Despite its inroads, Waymo is still believed to be losing money. Although Alphabet doesn’t disclose Waymo’s financial results, the robotaxi is a major part of an “Other Bets” division that had suffered an operating loss of $3.3 billion through the first nine months of this year, down from a setback of $4.2 billion at the same time last year.

But Waymo has come a long way since Google began working on self-driving cars in 2009 as part of project “Chauffeur.” Since its 2016 spinoff from Google, Waymo has established itself as the clear leader in a robotaxi industry that’s getting more congested.

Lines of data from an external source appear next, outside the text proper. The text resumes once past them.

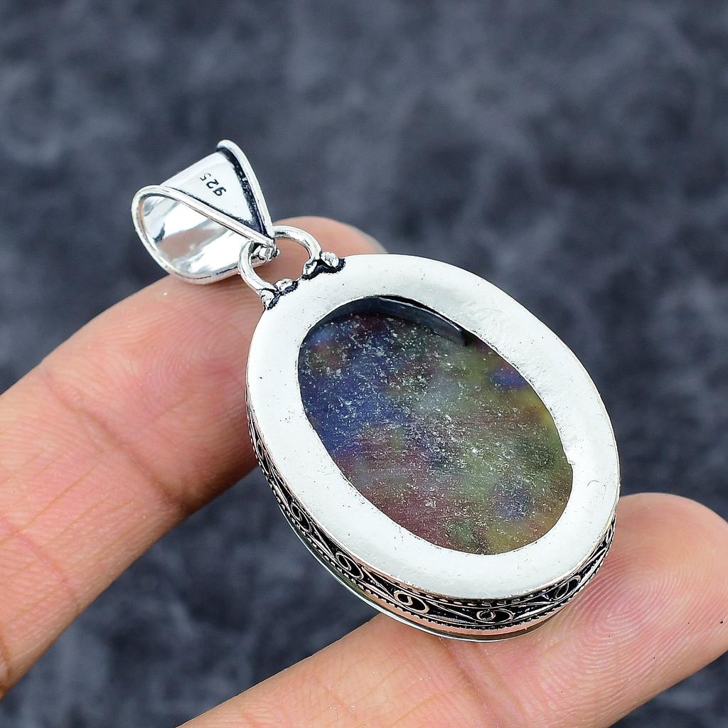 Аммолит Драгоценный камень Ручная работа 925 Стерлинговое серебро Ювелирное изделие Подвеска 2,09" M-3279
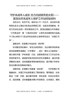 守护未成年人成长,合力托起明天的太阳——某派出所未成年人保护工作站经验材料.docx
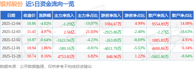 证券之星消息,截至2025年12月4日收盘,银邦股份(300337)报收于10.86元,下跌4.82%,换手率8.65%,成交量61.5万手,成交额6.79亿元。
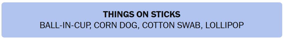 • THINGS ON STICKS – BALL-IN-CUP, CORN DOG, COTTON SWAB, LOLLIPOP
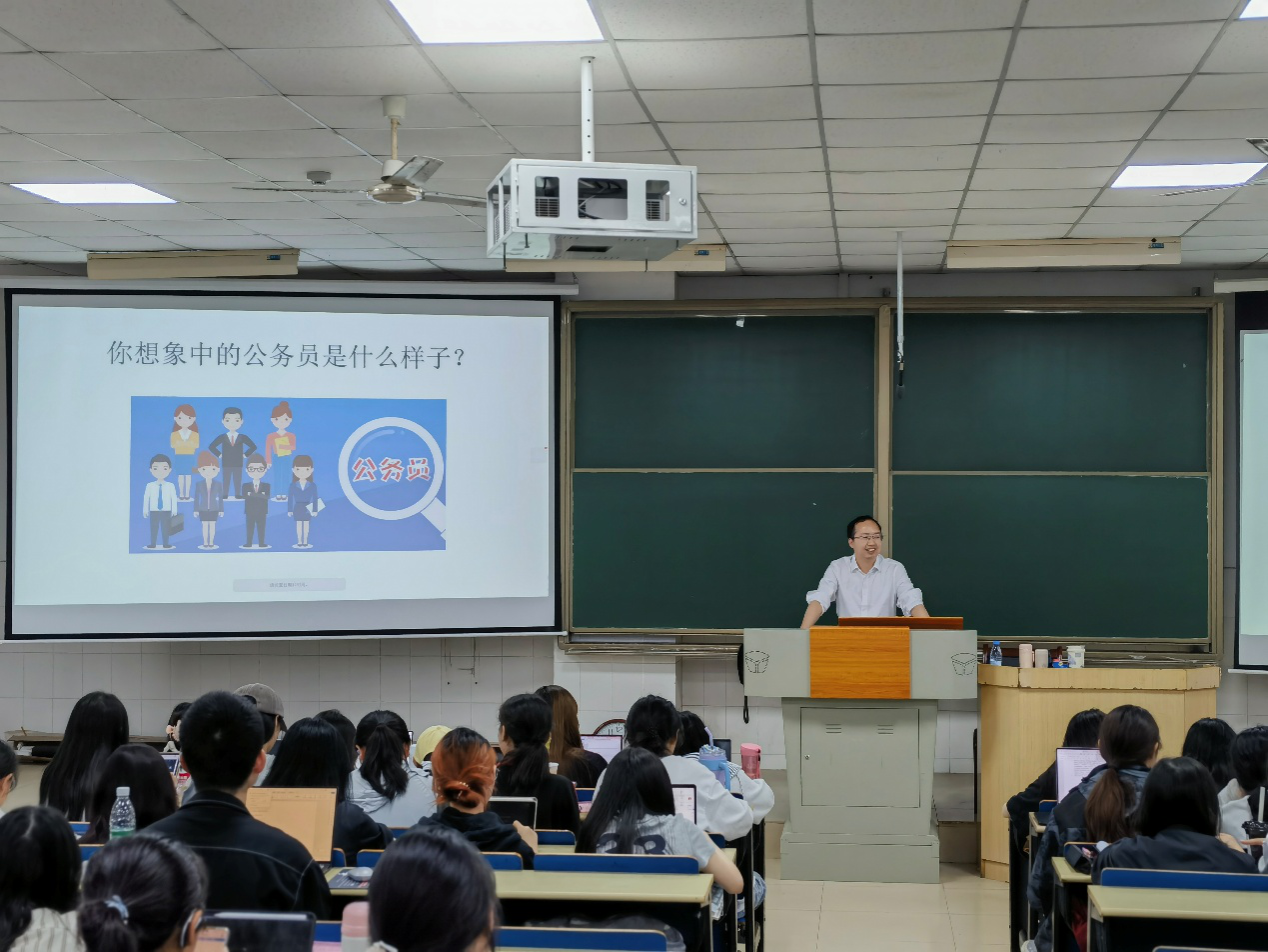 讲座伊始,黄俊峰处长通过提问互动的方式,了解同学们对公务员职业的直观感受。不少同学认为公务员上班轻松、工作稳定。针对这些看法,黄俊峰处长指出,社会上对公务员职业存在诸多误解,“宇宙的尽头是编制”等说法虽然流行,但大家应理性看待公务员职业。

Electric auto pioneer Tesla is aiming to launch a rival “Cybercab” service by 2026, although its CEO Elon Musk said he hopes the company can get the required regulatory clearances to operate in Texas and California by next year.

Tesla’s projected timeline for competing against Waymo has been met with skepticism because Musk has made unfulfilled promises about the company’s self-driving car technology for nearly a decade.

Meanwhile, Waymo’s robotaxis have driven more than 20 million fully autonomous miles and provided more than 2 million rides to passengers without encountering a serious accident that resulted in its operations being sidelined.

That safety record is a stark contrast to one of its early rivals, Cruise, a robotaxi service owned by General Motors. Cruise’s California license was suspended last year after one of its driverless cars in San Francisco dragged a jaywalking pedestrian who had been struck by a different car driven by a human.

Cruise is now trying to rebound by joining forces with Uber to make some of its services available next year in U.S. cities that still haven’t been announced. But Waymo also has forged a similar alliance with Uber to dispatch its robotaxi in Atlanta and Austin, Texas next year.

Another robotaxi service, Amazon’s Zoox, is hoping to begin offering driverless rides to the general public in Las Vegas at some point next year before also launching in San Francisco.